Every enterprise AI tool has its own security posture, data retention policy, and breach history. If an employee is using an AI tool that gets compromised, what happens next?
The organization’s data that is uploaded in the tool can be exposed in the breach. The trickiest part is that the tool is never registered as a vendor, the organization may not even know there is an incident to investigate. The proliferation of new AI tools makes this nightmare scenario a real risk.
5. The reputational fallout of unreliable AI-generated outputs
While rummaging through the security consequences of employees using shadow AI, it is also important to note that shadow AI also presents a quality control problem. Employees may be generating reports, drafting customer questions, and producing content using unsanctioned AI tools that are confidently wrong.
It’s now well established that AI tools can produce plausible sounding information that is factually incorrect.
The downstream consequences range from issuing an embarrassing correction to facing legal liability, depending on what was said, to whom, and in what context.
The risk is sharpest in high-stakes domains: a legal summary with incorrect case citations, a financial brief with fabricated figures, a compliance report that misrepresents a regulation. With shadow AI, there is no established process to catch these mistakes.
6. Shadow AI undermines your ability to govern AI at scale
Shadow AI eliminates your organization’s ability to govern AI use. Every unsanctioned AI platform is a data point that you don’t own. Every unsanctioned AI workflow is a dependency you don’t manage.
Moreover, organizations that lack visibility into AI use can’t make informed decisions about which AI investments to prioritize, which workflows are ripe for automation, or which risks require immediate mitigation.

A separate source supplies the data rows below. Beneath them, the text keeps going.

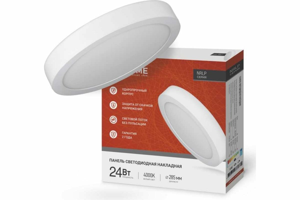Купить IN HOME Светильник светодиодный круглый накладной NRLP 24Вт 230В 4000К 1680лм 285мм IP40 бел. панель 4690612038537
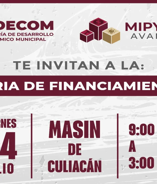 Janet Faviola Tostado Noriega, Secretaria de Desarrollo Económico del municipio de Culiacán, informó que con el objetivo de continuar apoyando la reactivación económica y generar un punto de encuentro para los pequeños, medianos y grandes empresarios del municipio, se realizará esta Feria de Financiamiento que busca fomentar una mayor vinculación de negocios con la oferta privada y pública de financiamiento.
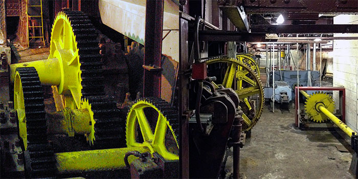 Drive gears (Left) - Heel locks, motors, clutch, and drive shaft (Right) - Inside the McCormick Bridgehouse & Chicago River Museum at the DuSable Bridge
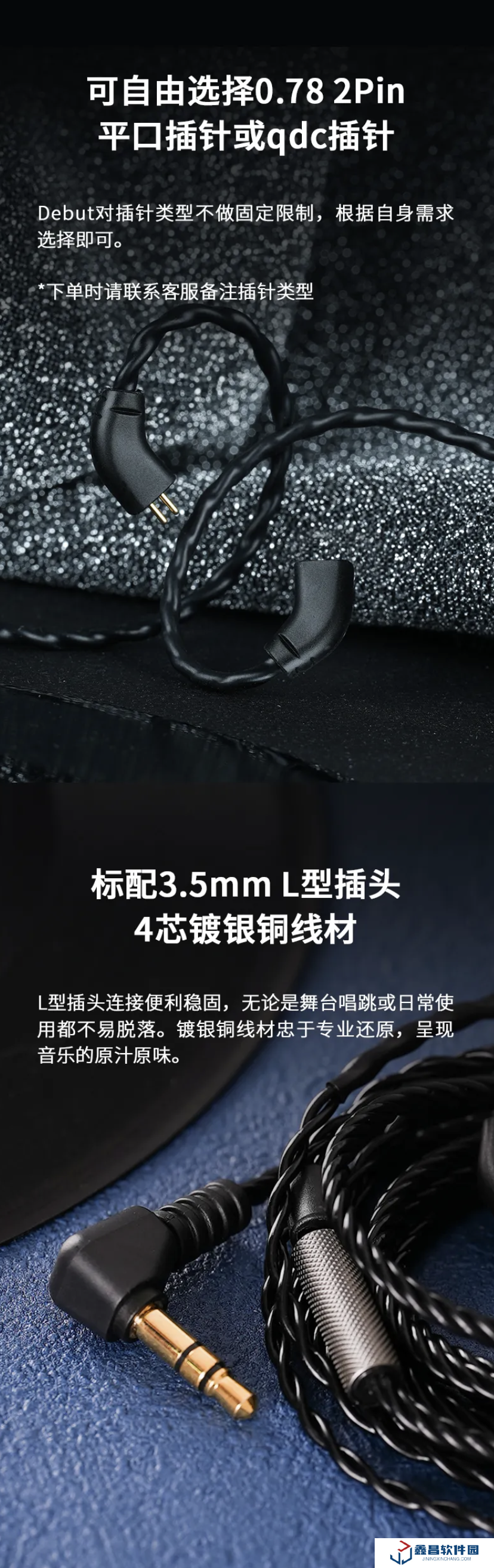 該耳機標配3.5mm L 型插頭,內置4芯鍍銀銅線材,本站附產品參數信息如下:
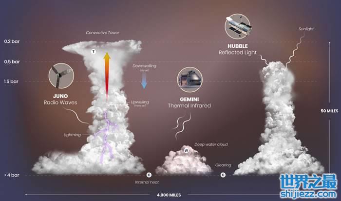 通过将这三方面的信息结合起来,研究小组发现,雷击,以及产生雷击的风暴系统,都是在深层云层上大型对流单元及其周围形成的。最有攻击性的闪电是从一个被称为“丝状气旋”的漩涡中观察到的,哈勃和双子座的图像可以俯视到这个漩涡。那原来是由高大的对流云组成的扭曲集合。深层的缝隙揭示了远在下面的水云,通过各种波长的观测,可以建立气旋的三维模型。

Simply put, they are governing in the dark.
With maturing AI regulations such as the European Union AI Act, organizations will increasingly be required to demonstrate how AI is used within their operations. Shadow AI makes that demonstration impossible.
What’s next: You can’t ban your way to safety
The question isn’t whether to allow AI in your organization—the question is how you’re going to govern it. Organizations must treat AI governance as an ongoing operational function rather than a one-time policy rollout.

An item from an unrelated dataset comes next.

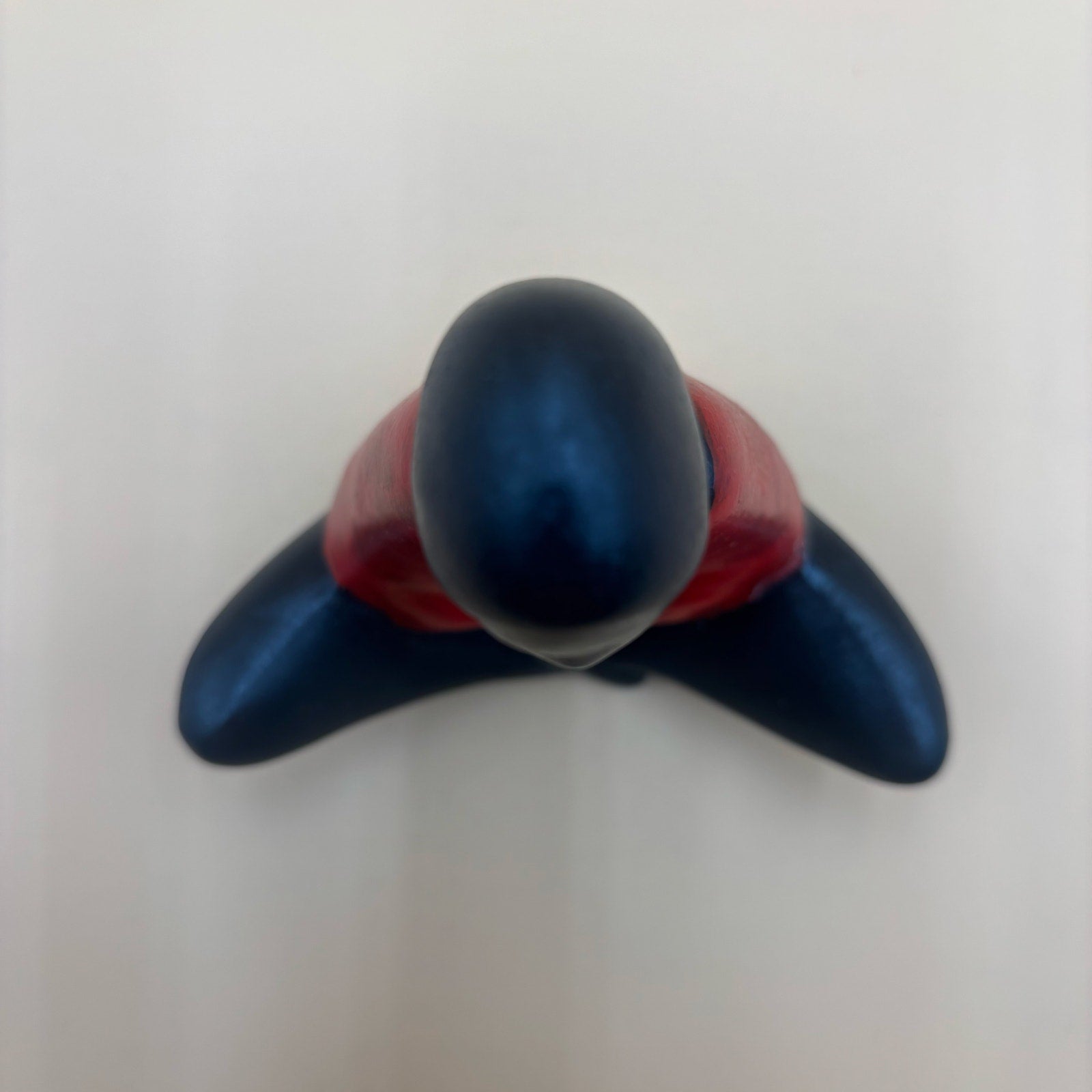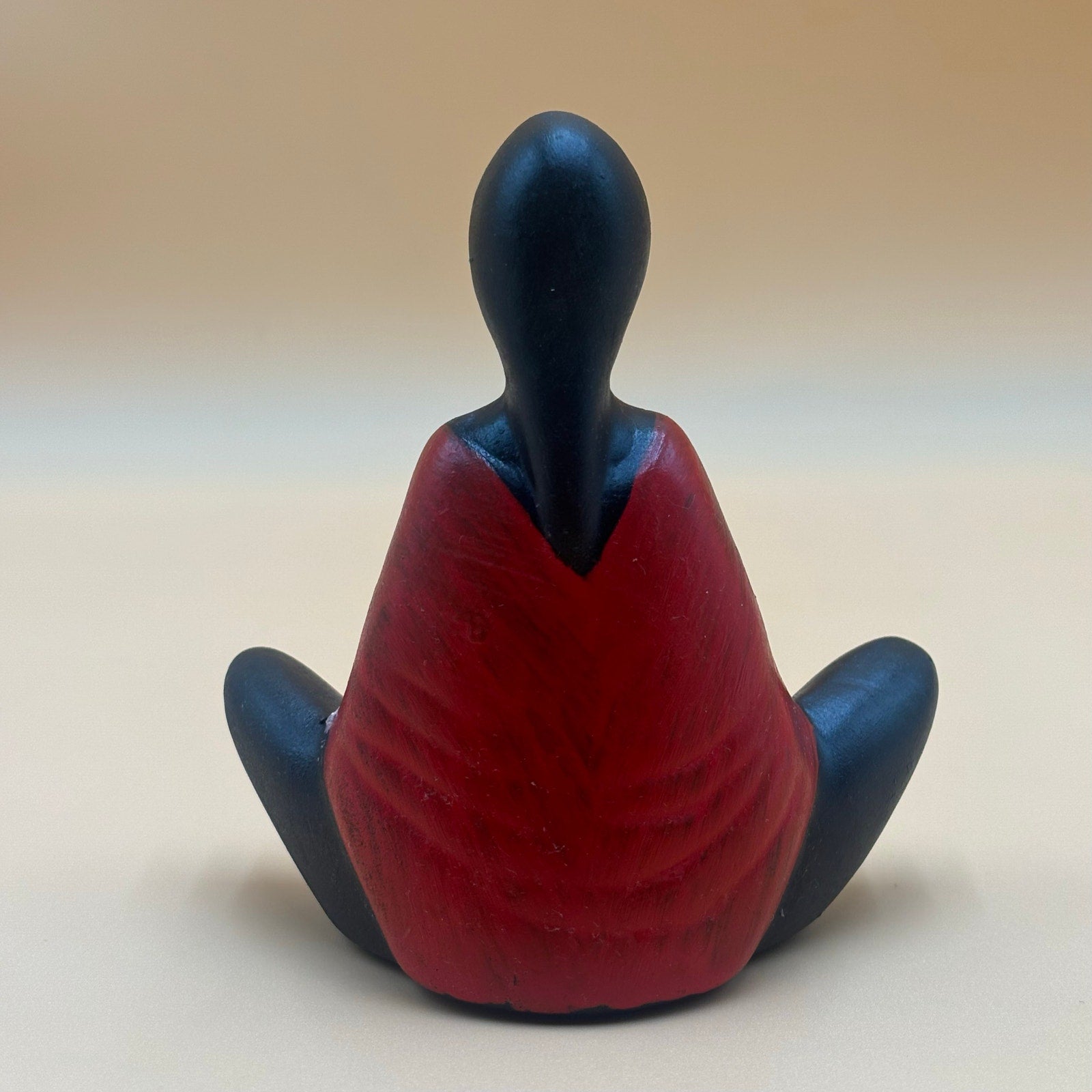 Striking ceramic figurine of a Native American woman in lotus meditation pose. Features a sleek modern design with black body and vibrant red wrap/poncho. Minimalist styling makes this a versatile decorative accent for contemporary or southwestern decor.

The pace of AI adoption is evolving faster than traditional governance cycles, and reactive approaches will continue to leave blind spots. Regular awareness training can help close the gap more effectively than fear-based restrictions.
Employees are already using AI at work—in their browsers, their inboxes, their meeting summaries, and their code editors. The organizations that reduce risk successfully will be the ones that accept this reality early. Creating secure pathways for adoption is how enterprises root out shadow AI.
That means sanctioning the tools employees are already reaching for, setting guardrails inside platforms like Microsoft Copilot and Google Gemini, and making the compliant path the easiest one. Because when governance is harder to follow than it is to ignore, it isn’t governance—it’s a liability.